Getting HD video streaming from the DJI goggle requires a hack that might be patched away. Shark Byte provides an HDMI video port that can be fed into any system to display or record it.
The DJI system uses a set of frequencies all its own, while Shark Byte uses “Raceband” frequencies that are very common with pilot groups. Both are limited to 8 channels.
Some race timing systems, including the most popular—ImmersionRC’s LapRF—have difficulty tracking DJI pilots. Shark Byte transmits in a similar way to analog video and hasn’t been shown to cause difficulty for any timing system. DJI can be timed successfully but requires some special handling.
The setup for Shark Byte is fairly long and complicated compared to DJI. It’s nothing unusual for hobbyists, but it does stand in contrast to DJI’s exceptional ease of use. However, there’s no activation or registration; Fat Shark isn’t tracking who you are and how you are using the system.
Fat Shark seems to be paying a little closer attention to what the community needs instead of developing what they find most interesting. For example, the OSD “warning” element is one of the most critical items to display on screen, but to date you won’t find this element displayed on DJI. There have been more updates to Shark Byte in recent months, while DJI hasn’t seen anything new.
Other Considerations
Using the regulated cable is great for ease of use, but it can prevent the low voltage alarm in your goggles from functioning well. Always check the status of your goggle batteries before flying. It’s not clear why the VRx module input range is 8–16V but the power cable supplies 7.8V; but the system does work fine with the cable.

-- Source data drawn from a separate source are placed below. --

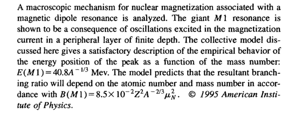 A macroscopic mechanism for nuclear magnetization associated with a magnetic dipole resonance is analyzed. The giant Ml resonance is shown to be a consequence of oscillations excited in the magnetization current in a peripheral layer of finite depth. The collective model discussed here gives a satisfactory description of the empirical behavior of the energy position of the peak as a function of the mass number: E(M 1) = 40.&4 ~1/3 Mev. The model predicts that the resultant branching ratio will depend on the atomic number and mass number in accordance with β(ΛΠ) = 8.5Χ 1(Γ2Ζ2Α-2/3/4· © 1995 American Institute of Physics.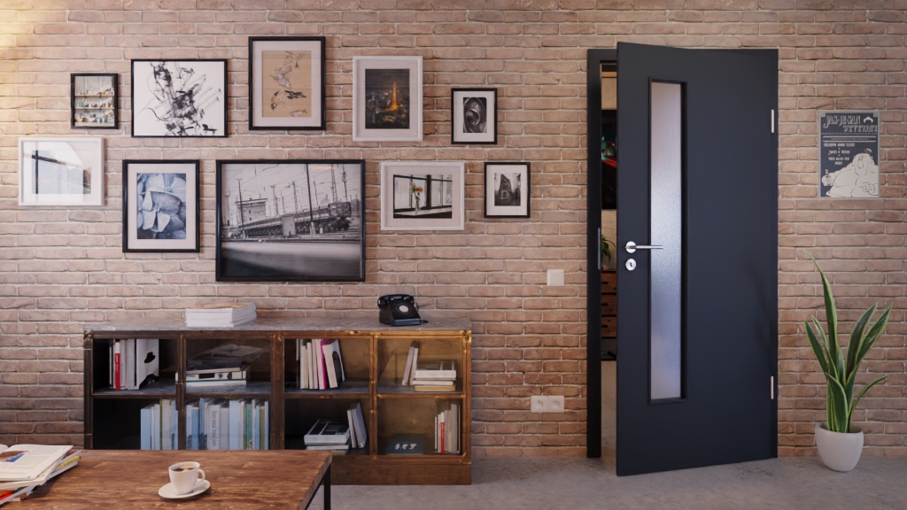 Obok klamki drzwiowej znajduje się wąski szklany wstawka na całej powierzchni skrzydła. Równomiernie nałożona, lakier w antracycie tworzy elegancką i jednolitą powierzchnię.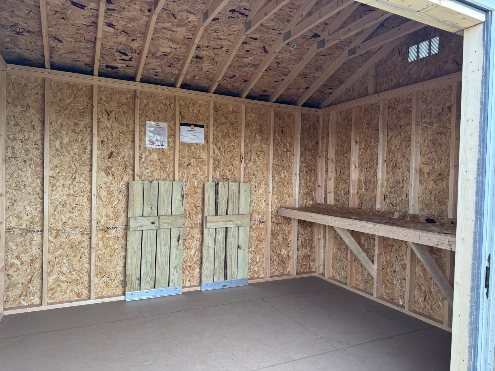 10X12 Everyday Backyard Shed Package With Wood Panel Siding ** Roofline - 5/12 Ranch Gable**Building Color - Peppercorn (SW 7674) Super PaintTrim Color - *FASCIA, CORNER, WINDOW & DOOR TRIM* - Super White (SW 6995)Drip Edge - WhiteVents - 8x16 Vent - WhiteShingles - CertainTeed (Granite Gray) (NorthGate) 1. Window - 18x27 Vertical Slider - WhiteFloors - 16" On CenterFloor Sheeting - 3/4" LP Prostruct Flooring w/ Textured Skid-Resistant Flooring Standard Door - 64in Double Wood Door 1. 4ft IMR Adjustable Pressure Treated Wooden Ramp For Double Door (2 - 2ft X 4ft Sections)
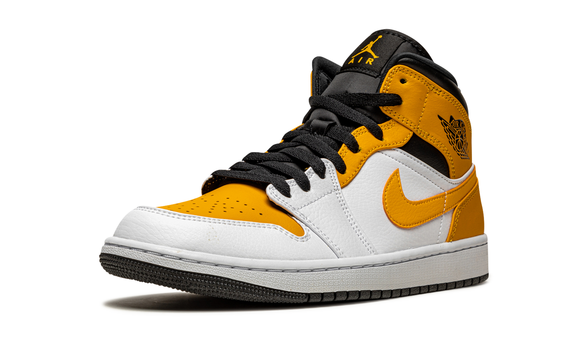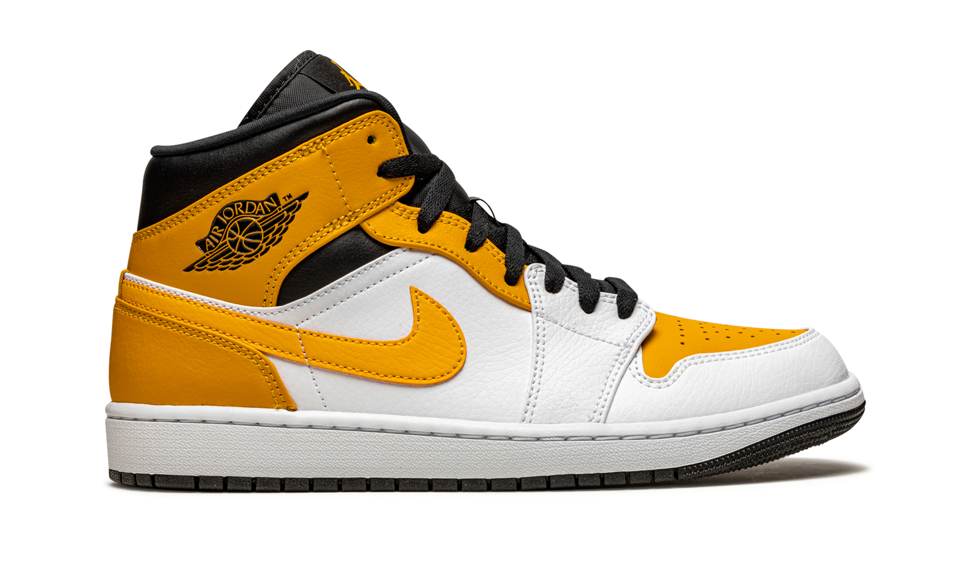 The Air Jordan 1 Mid “University Gold” is a summer-ready colorway of the amid-top version of Michael Jordan’s first signature shoe. Appearing on the popular mid silhouette of the Jordan 1, the “University Gold” features warm University Gold leather detailing on the perforated toe, eyelets, mid-panel, collar, and heel. The same golden hue of leather appears on the Swoosh branding on both sides of the shoe and on the Jumpman insignia on the black nylon tongue tag. A black “Wings” logo can be found on the collar. A crisp cut of white tumbled leather appears on the forefoot, toe cap, and mid-panel. The white midsole is contrasted by a black outsole to round out the look of the Air Jordan 1 Mid “University Gold.” University Gold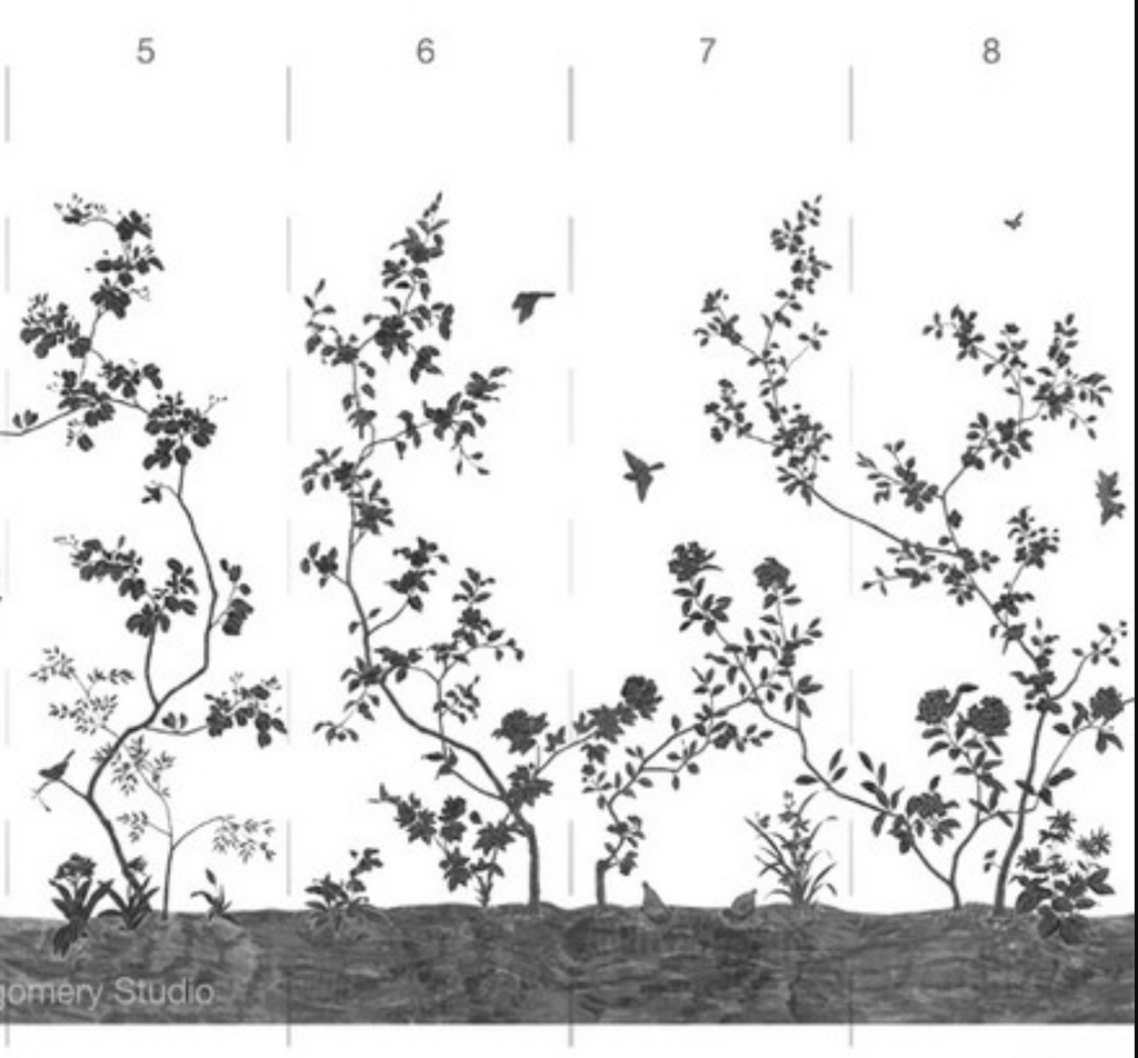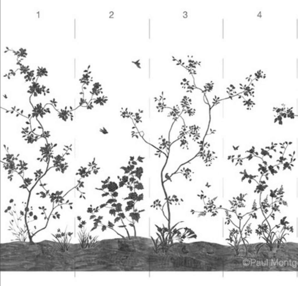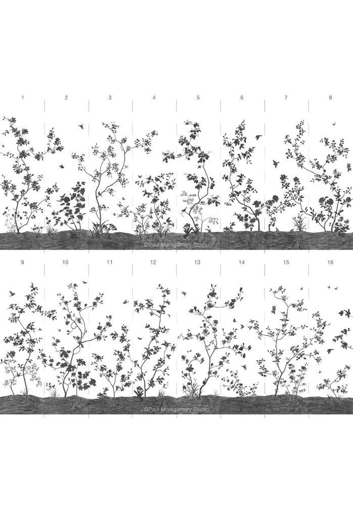 Chanteur White is a modern chinoiserie mural with monochromatic design on a white background. 16 Panels Available in Full Length/Headers/Footers, Sold in individual Panels, Width: 36", Design Height: 120", Total Height: 108", Chanteur White,Paul Montgomery Studios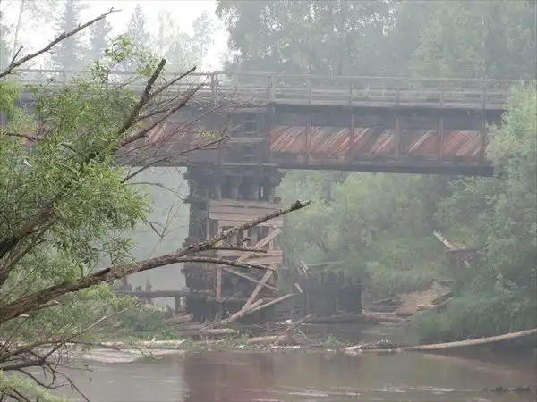 Дорога от Катайги здесь заканчивается. Мост на реке Ломоватая разрушен с 2010. Обещают его отремонтировать, но пока ничего не сделали. Местные переживают, за мостом для них в тайге всё: грибы, ягода и т.д., но сейчас туда добраться не просто.
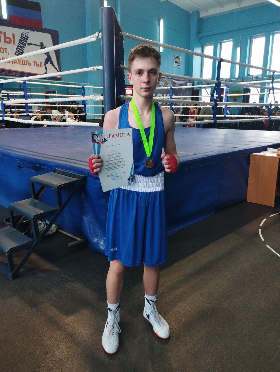 52,0 кг! Лисовин Александр! В первом бою уверенно разобрался со спортсменом из города Горловки Васильченко Евгением, но в полуфинале оступился и уступил решением судей спортсмену из Горловка Осадчиму Алексею. Результат третье место;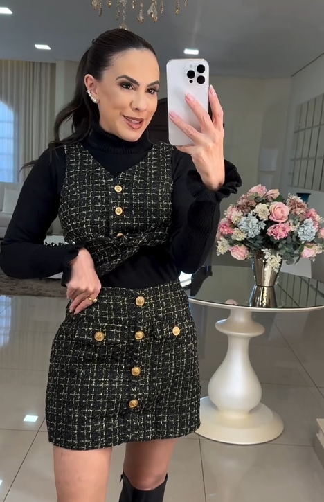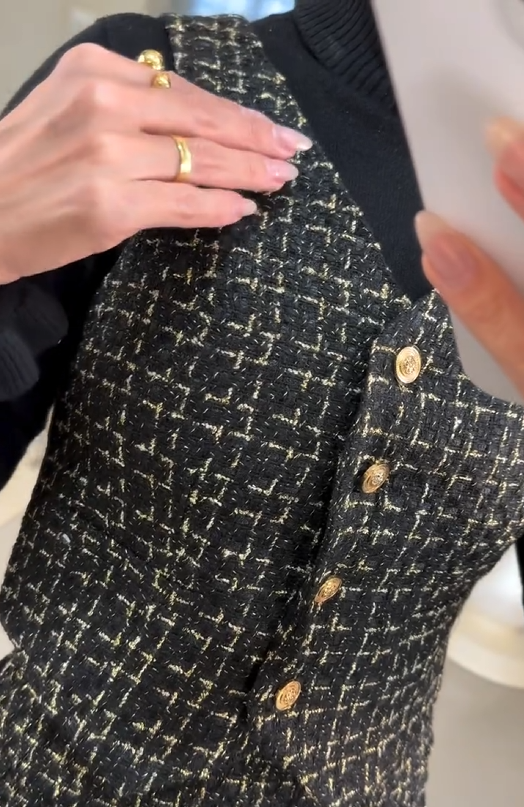 🖤 Conjunto Tweed Clássico – Colete + Saia com Botões Dourados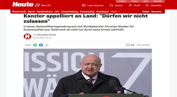 وجّه المستشار النمساوي كريستيان شتوكر (ÖVP) في خطابه بمناسبة العيد الوطني للنمسا دعوة مؤثرة إلى الوحدة الوطنية والدفاع عن الديمقراطية والحياد، مؤكدًا أن قوة البلاد لا تكمن في جيشها فقط، بل في تماسك مجتمعها واستقرار اقتصادها.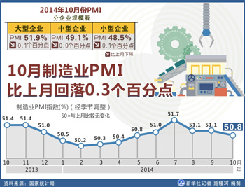 中國物流與采購聯(lián)合會、國家統(tǒng)計局服務(wù)業(yè)調(diào)查中心11月1日發(fā)布的數(shù)據(jù)顯示,2014年10月中國制造業(yè)采購經(jīng)理指數(shù)(PMI)為50.8%,較上月回落0.3個百分點,為5個月新低。多方分析認(rèn)為,PMI未能如預(yù)期回升,預(yù)示著當(dāng)前市場內(nèi)生動力仍弱。受益于近期陸續(xù)出臺的調(diào)控政策,四季度經(jīng)濟(jì)增長可能基本保持平穩(wěn),但隨著政策效力消退,明年中國經(jīng)濟(jì)將面臨更嚴(yán)峻考驗。

The cable also covers up the headphone port on the goggles. Shark Byte currently offers no audio so that’s not a loss when you’re using the system, but requires removing the cable if you switch to analog with audio.
The Receiver also has two nice patch antennas built in; it would have been awesome to offer an SMA connection for your analog module to make use of them.
Finally, Shark Byte didn’t launch with the best camera. Early reviews compared a lesser-quality camera to DJI’s polished system, but the cameras available today are much improved over that first iteration. A new camera is expected soon with even higher quality. These have eliminated some of the image quality differences between the two systems.
Conclusion
Everyone benefits from an upgrade to an HD picture over analog. Shark Byte’s advantages over the DJI HD system appear to squarely target racers and pilots who fly in groups. Freestyle pilots who fly very close to objects will also appreciate how predictable the image loss is when a signal starts to degrade.
If you’re on the racing circuit, Shark Byte offers many advantages over DJI. Racers like the analog-like breakup and fixed latency; race directors like the ease of frequency management and how it plays well with timing systems. The system has definitely been gaining ground.
There’s also the question of price. The Shark Byte receiver is less expensive than buying a pair of DJI goggles if you already own a set, and if you’re building from scratch Fat Shark offers the Scout HD. Shark Byte equipment is generally less expensive for cameras and video transmitters, and it’s a little easier to buy just a camera or VTx if one breaks vs. replacing both.